Work order: Omit the pictures and print exactly the lines of the listing below, starting at the first and ending at the line containing "As famosas monstrinhas".

● ● ● ●

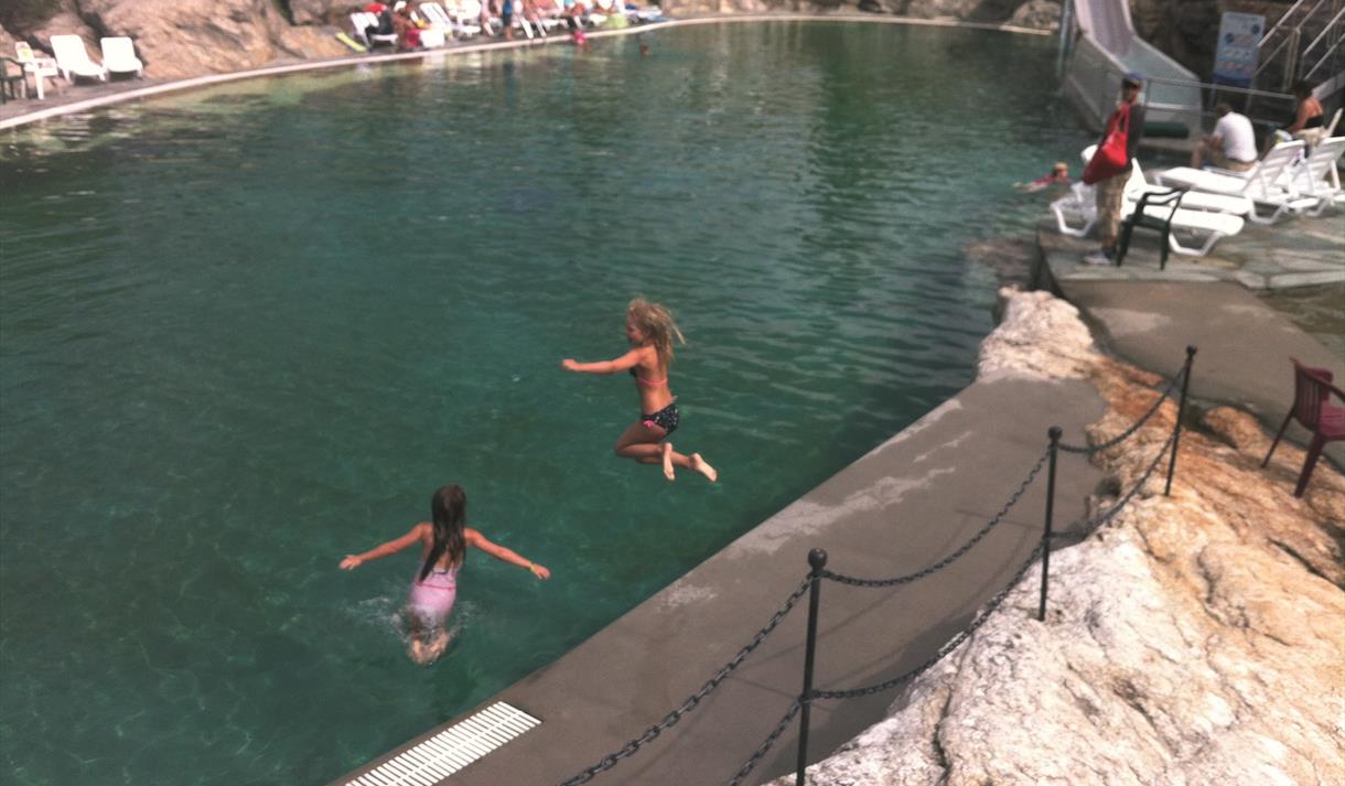 Anlegget består av et hovedbasseng og et lite barnebasseng, vannet er klor-holding sjøvann som blir oppvarmet til 26º grader. I bassenget finnes det også en rutsjebane samt to vannpolomål. Bassenget er sprengt inn i fjellet, dette gjør at anlegget ligger i ett med naturen og ikke er synlig for utenforstående. Bassenget åpner vanligvis rundt St.hans.
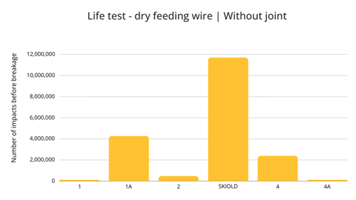 A test performed by the Danish Institute of Technology revealed a significantly longer lifetime of SKIOLD wires compared to competing alternatives, as shown in the diagram above.
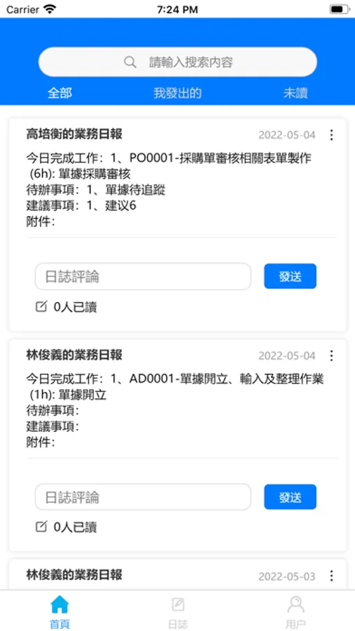 >>检视日志:主管或员工依照权限政策,可以查看下属工作日志,并针对日志进行评论,让工作有迹可循。
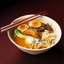 Kycklinglårfilé, misobuljong, kokos-tare, vetenudlar, koriander, jordnötter, salladslök, ägg, chiliolja Chicken thigh fillet, miso broth, coconut tare, wheat noodles, coriander, peanuts, spring onion, egg, chili oil
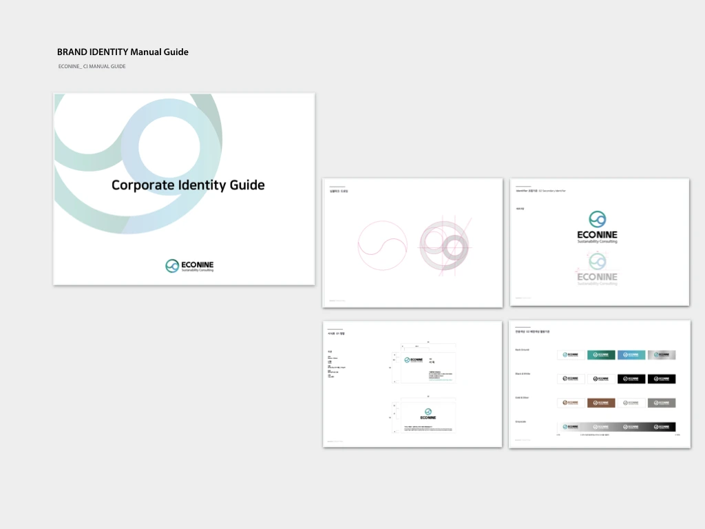 디자인 컬러 가이드를 중심으로 웹과 제작물에 적용되었으며, 고객 경험의 관점을 고려하여 에코 나인의 아이덴티티를 전달할 수 있도록 작업하였다.
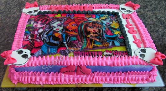 As famosas monstrinhas do mundo Monster High fazem sucesso entre as garotas, e prova disso é que as festas infantis com o tema estão cada vez mais frequentes. E quando o assunto é festa, não pode faltar bolo, então nada melhor que um bolo Monster High para um festa Monster High.
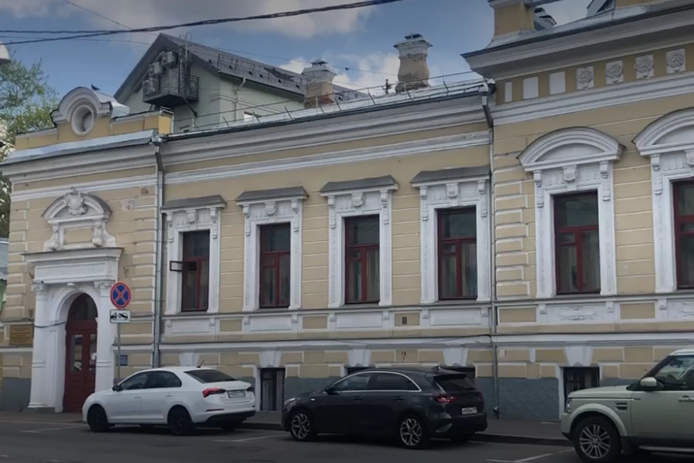 А затем действие переносится на улицу Воронцово поле — не слишком далеко, эта улица идет перпендикулярно Подсосенскому переулку. В кадре — дом 12, бывшая городская усадьба Ксении Васильевны Капцовой, супруги купца первой гильдии Сергея Александровича Капцова; здание 1880-х годов постройки.
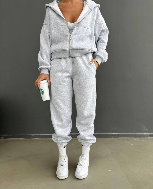 Знову у наявності🙌 Наші костюми🔜модні та сучасні, стильні та тепленькі🔥 Кольори🎊 - Чорний - Графіт (Темно-сірий) - Білий меланж (Світло-сірий) - Темно-зелений - Беж ➡️Мод. pa 4059 ➡️Тканина: Трьохнитка на флісі (дуже якісна тканина, не кошлатиться) Розмір: 42-44; 46-48 Довжина штанів: 99см 100см Обхват груди: 97си 110см Обхват стегна: 95см 107см Довжина кофти 57 см
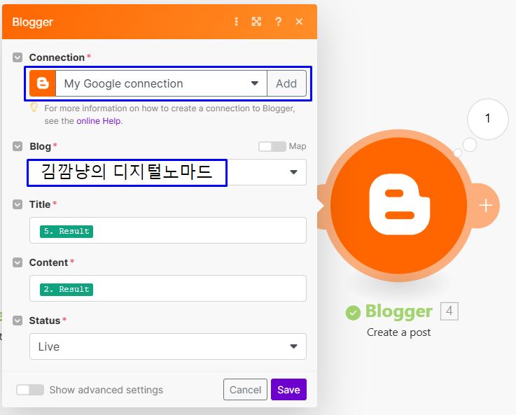 클라이언트 메이커 서버와 구글 블로그 스팟이 연동하여 활성화(activated)가 되지 않았습니다. 실제로 구글 이메일로 블로그 스팟을 연동하였는데 블로그 이름이 12시간 나타나지 않는 현상이 있었습니다. 시간이 경과하고 메이커와 블로그가 활성화가 되고 블로그 이름이 나타났을 때, 블로그 이름을 선택하고 실행(Run)하니까 블로그에 글이 작성되었습니다.
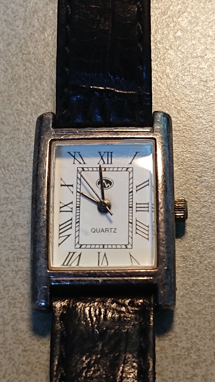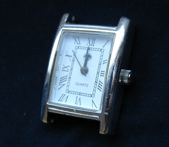Laatst deze opgepikt in de kringloop. Een dameshorloge wat veel zwaarder aanvoelde dan rest. Intuitief voor deze gekozen. Een zwarte kast met een mooi wijzerplaatje. Het merk kon ik niet lezen omdat er een sticker op de achterzijde zat.
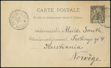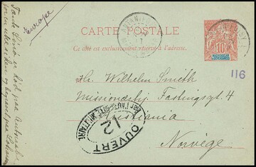 Mayotte, 1919, Ganzsachenkarte 10 C. (Gebrauchserhaltung) in Madagaskar (!) verwandt mit K2 "Antanifotsy" nach Christiania/Norwegen (seltene Postverbindung)
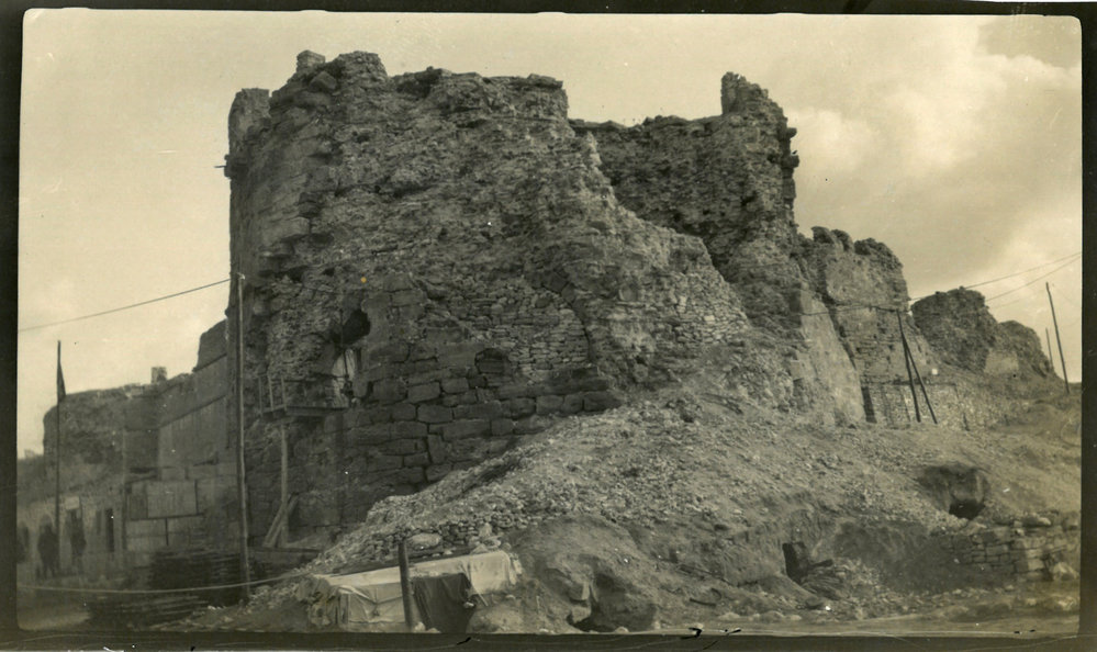 Date1914-1918Reference NumberPhoto 14-0002DescriptionHandwritten overleaf: Old castle at Sedd. El. Bahr. Gallipoli. Showing effects of bombardment by Queen Elizabeth & other battleships.FormatPrintPhotographer/CreatorRobert Goulding
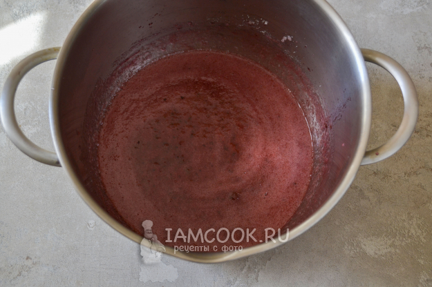 В конфитюре ягоды или фрукты должны быть равномерно распределены во всей массе, в отличие от варенья, поэтому уваренную массу можно пюрировать погружным блендером. Я пробила массу слегка, не до полного измельчения ягод.
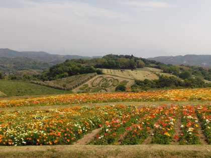 あわじ花さじきに到着です。クラス写真の様子です。お天気も良くなってきました。

● ● ● ●

Output:
 Anlegget består av et hovedbasseng og et lite barnebasseng, vannet er klor-holding sjøvann som blir oppvarmet til 26º grader. I bassenget finnes det også en rutsjebane samt to vannpolomål. Bassenget er sprengt inn i fjellet, dette gjør at anlegget ligger i ett med naturen og ikke er synlig for utenforstående. Bassenget åpner vanligvis rundt St.hans.
 A test performed by the Danish Institute of Technology revealed a significantly longer lifetime of SKIOLD wires compared to competing alternatives, as shown in the diagram above.
 >>检视日志:主管或员工依照权限政策,可以查看下属工作日志,并针对日志进行评论,让工作有迹可循。
 Kycklinglårfilé, misobuljong, kokos-tare, vetenudlar, koriander, jordnötter, salladslök, ägg, chiliolja Chicken thigh fillet, miso broth, coconut tare, wheat noodles, coriander, peanuts, spring onion, egg, chili oil
 디자인 컬러 가이드를 중심으로 웹과 제작물에 적용되었으며, 고객 경험의 관점을 고려하여 에코 나인의 아이덴티티를 전달할 수 있도록 작업하였다.
 As famosas monstrinhas do mundo Monster High fazem sucesso entre as garotas, e prova disso é que as festas infantis com o tema estão cada vez mais frequentes. E quando o assunto é festa, não pode faltar bolo, então nada melhor que um bolo Monster High para um festa Monster High.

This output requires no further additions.